A.3 Initialization and training procedure

We initialize the weights of each convolution layer $m$ with i.i.d zero-mean Gaussians with standard deviation $\frac{\sigma}{\sqrt{F_{m}}}$ where $F_{m}$ is the number of parameters per filter for that layer. We chose this parametrization to produce activations whose variances are invariant to filter dimensionality. We use the same standard deviation for all layers but the input, for which we dedicate its own hyperparameter $\sigma_{I}$ as it oftentimes varies in scale from deeper layers in the network.

We train the model using the standard stochastic gradient descent and momentum optimizer. We use minibatch size of 128, and tune the momentum and learning rate, which we parametrize as $1-0.1^{M}$ and $0.1^{L}$ respectively. We anneal the learning rate by a factor of $0.1$ at epochs $130$ and $190$ . We terminate the training after $200$ epochs.

We regularize the weights of all layers with weight decay coefficient $W$ . We apply dropout on the outputs of the max pooling layers, and tune these rates $D_{1},D_{2}$ separately.

A.4 Testing procedure

We evaluate the performance of the learned model by averaging its log-probability predictions on 100 samples drawn from the input corruption distribution, with masks drawn from the unit dropout distribution.
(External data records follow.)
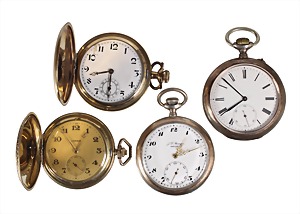 Lot: 4 Taschenuhren, u.a. LAMINOR Geneve, D = 50,0-53,3 mm, ungeprüft !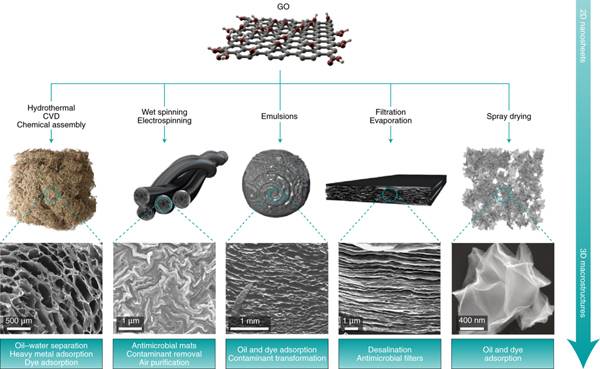 石墨烯基纳米片具有极高的理论比表面积,如氧化石墨烯(GO)高达2600 m2 g−1,结合其多功能化学性质,在水和空气处理方面产生了无数的应用前景。GO在水性介质中的高胶体稳定性,是水处理中实际应用的一个关键技术障碍,这限制了GO纳米片在去污处理后的回收率。将二维GO纳米片自组装成三维宏观结构(3DMs)解决了这一问题。多孔的3DMs正被开发用于任何比表面积限制性能的应用,如水和空气处理、超级电容器、电池和传感器。各种3DMs几何形状,如海绵、薄膜和纤维,正在考虑用于环境应用。然而,关于石墨烯基3DMs的材料性质与其环境性能之间的关系知之甚少。
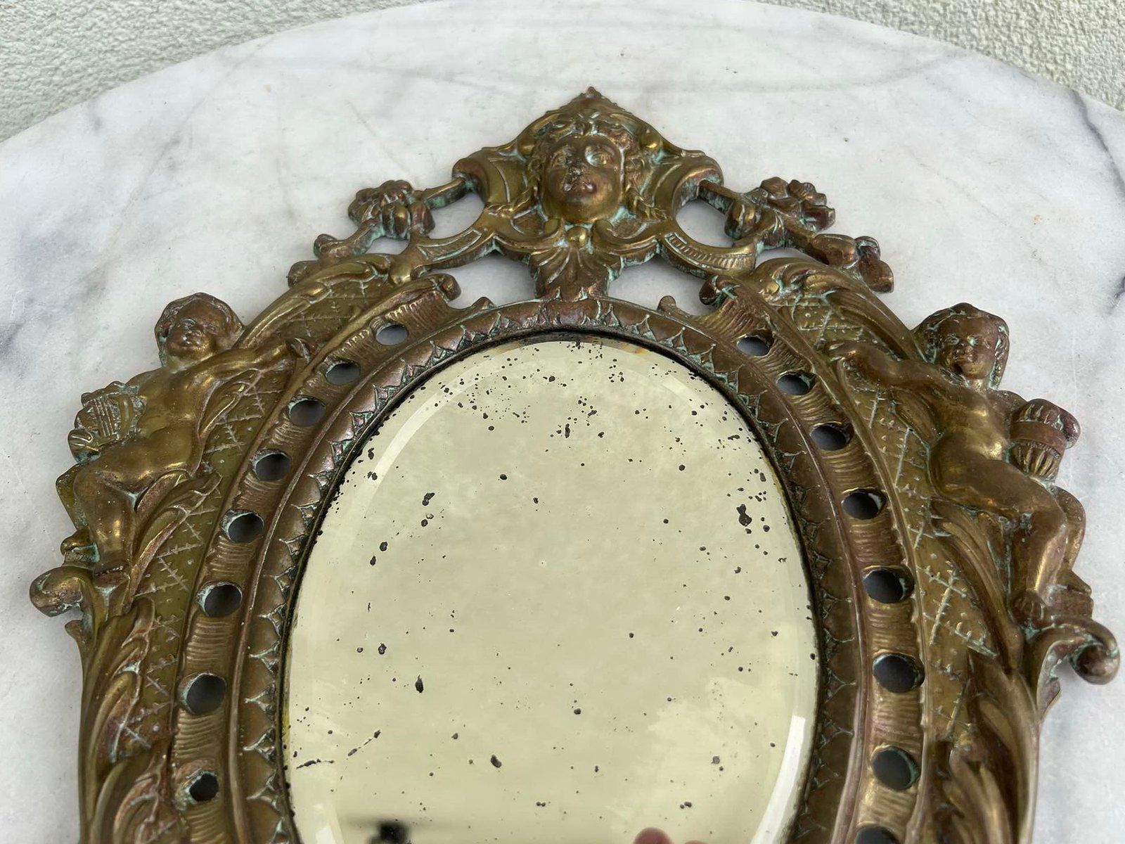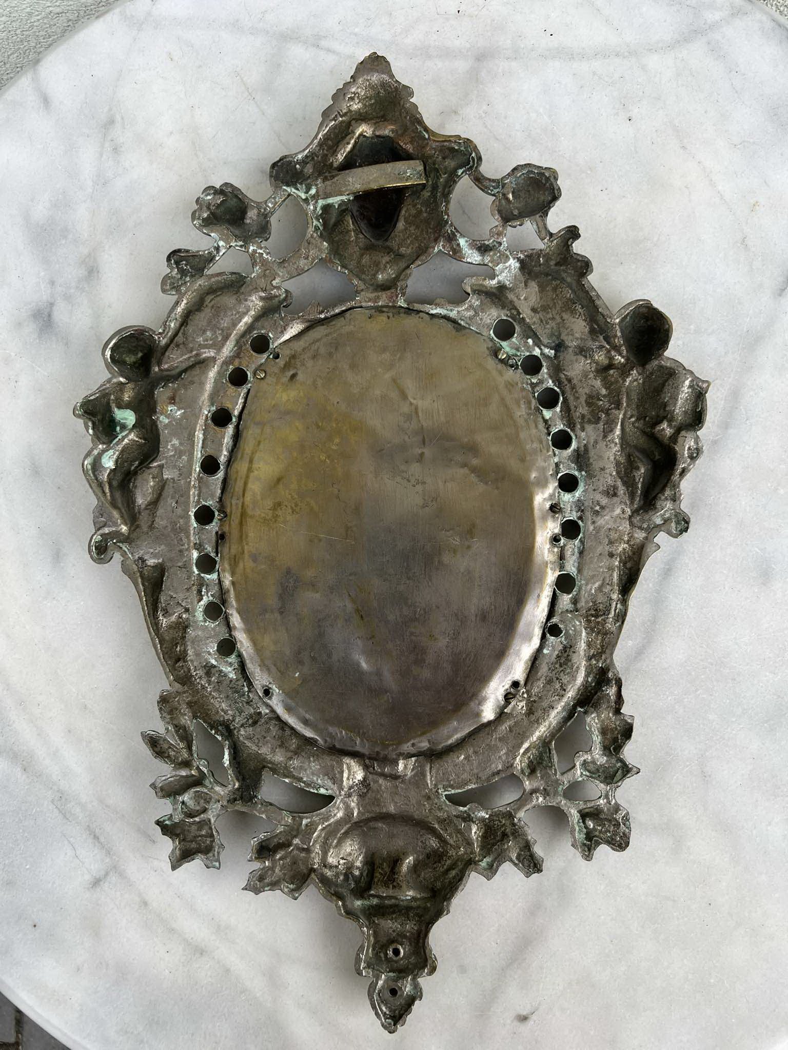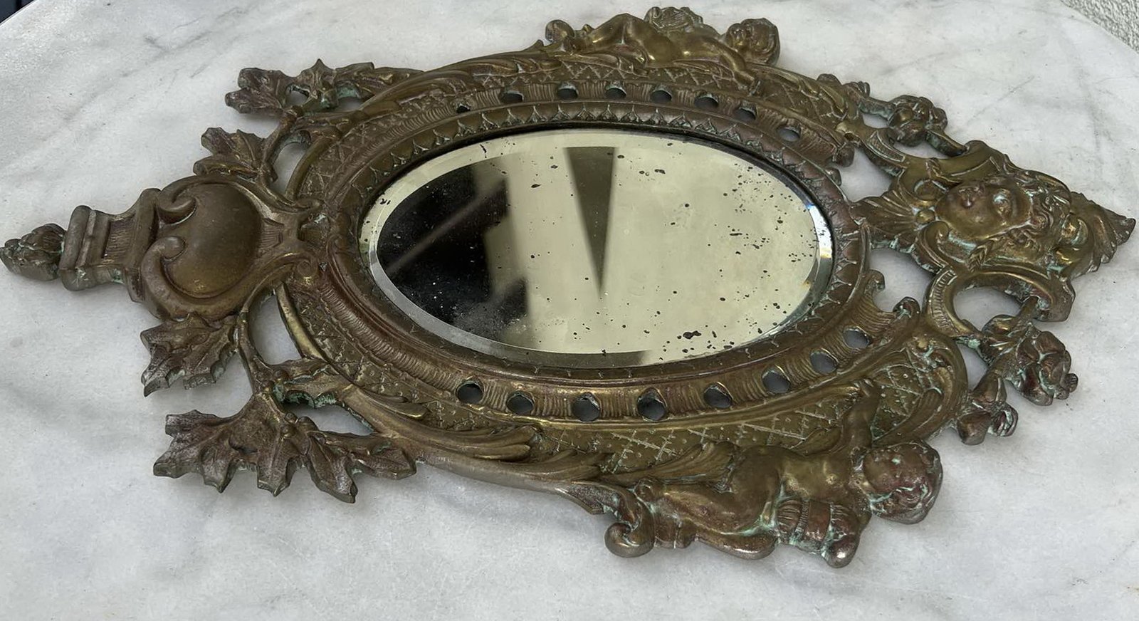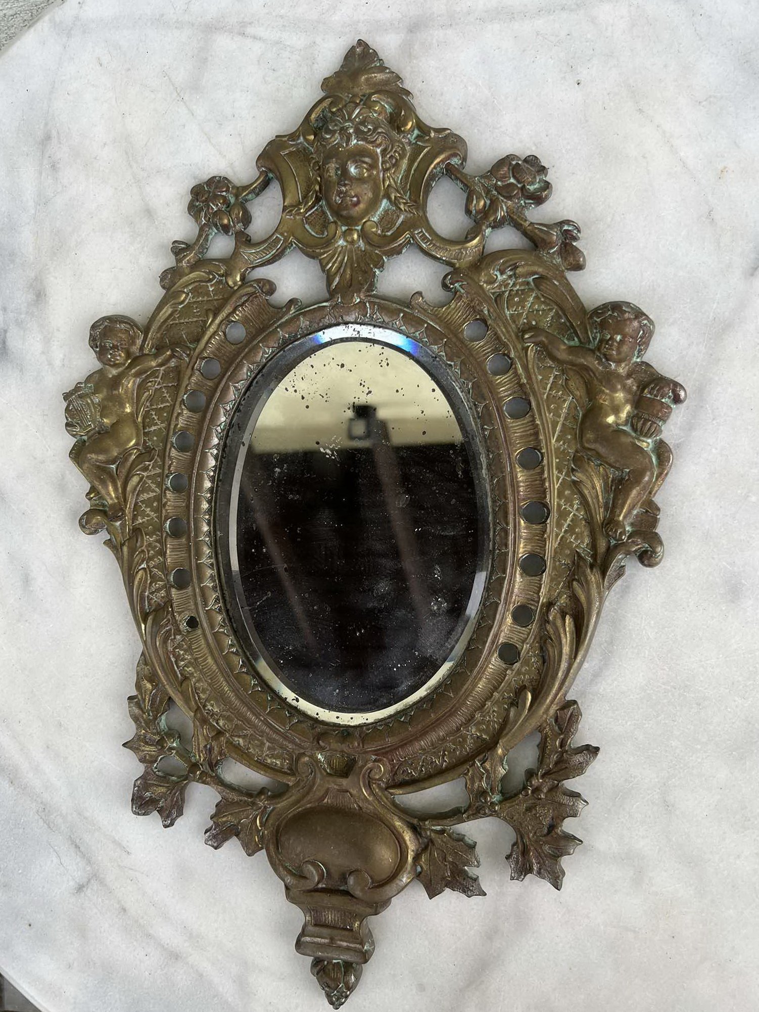 Veidrodis antikvarinis, žalvarinis, puoštas angelų figūromis, prancūziškas. XIX a. Svoris 2 kg. Kaina 93

Appendix B Additional figures for image caption generation

In Figures 5(a) and 5(b) we provide some additional visualization of the results from the image caption generation experiments from Section 4.2 to highlight the behavior of the Bayesian optimization routine. Both figures show the validation BLEU-4 Score on MS COCO corresponding to different hyperparameter configurations as evaluated over iterations of the optimization procedure. In Figure 5(a), these are represented as a planar histogram, where the shade of each bin indicates the total count within it. The current best validation score discovered is traced in black. Figure 5(b) shows a scatter plot of the validation score of all the experiments in the order in which they finished. Validation scores of 0 correspond to constraint violations. These figures demonstrate the exploration-versus-exploitation paradigm of Bayesian Optimization, in which the algorithm trades off visiting unexplored parts of the space, and focusing on parts which show promise.
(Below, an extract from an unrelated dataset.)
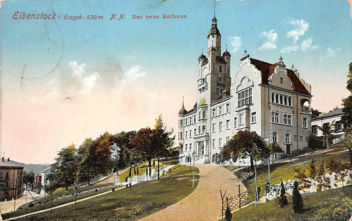 Das neue Rathaus Eibenstock Erzgebirge Sachsen Postkarte AK 1913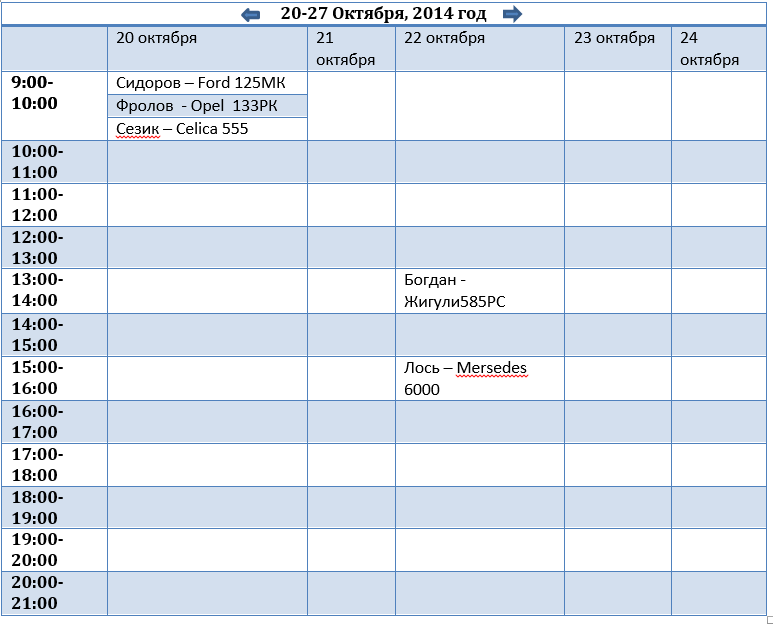 Необходимо разработать модуль предназначенный для записи автомобилей на ремонт на определенное время заданного дня. В записи необходимо указать такие параметры, как Время записи, ФИО клиента, Автомобиль клиента, неисправность/описание, диспетчер, мастер (с этим проблем не будет ни у кого)

Appendix C Multimodal neural language model hyperparameters

We optimize a total of 11 hyperparameters of the log-bilinear model (LBL). Below we explain what these hyperparameters refer to.

The LBL model has two variants, an additive model where the image features are incorporated via an additive bias term, and a multiplicative that uses a factored weight tensor to control the interaction between modalities.

The goal of the LBL is to predict the next word given a sequence of words. The context size dictates the number of words in this sequence.

These are optimization parameters used during stochastic gradient learning of the LBL model parameters. The optimization over learning rate is carried out in log-space, but the proposed learning rate is exponentiated before being passed to the training procedure.

This controls the size of the joint hidden representation for words and images.

Words are represented by feature embeddings rather than one-hot vectors. This is the dimensionality of the embedding.

A regularization parameter that determines the amount of dropout to be added to the hidden layer.

$\mathcal{L}_{2}$ regularization on the input and output weights respectively. Like the learning rate, these are optimized in log-space as they vary over several orders of magnitude.

The rank of the weight tensor. Only relevant for the multiplicative model.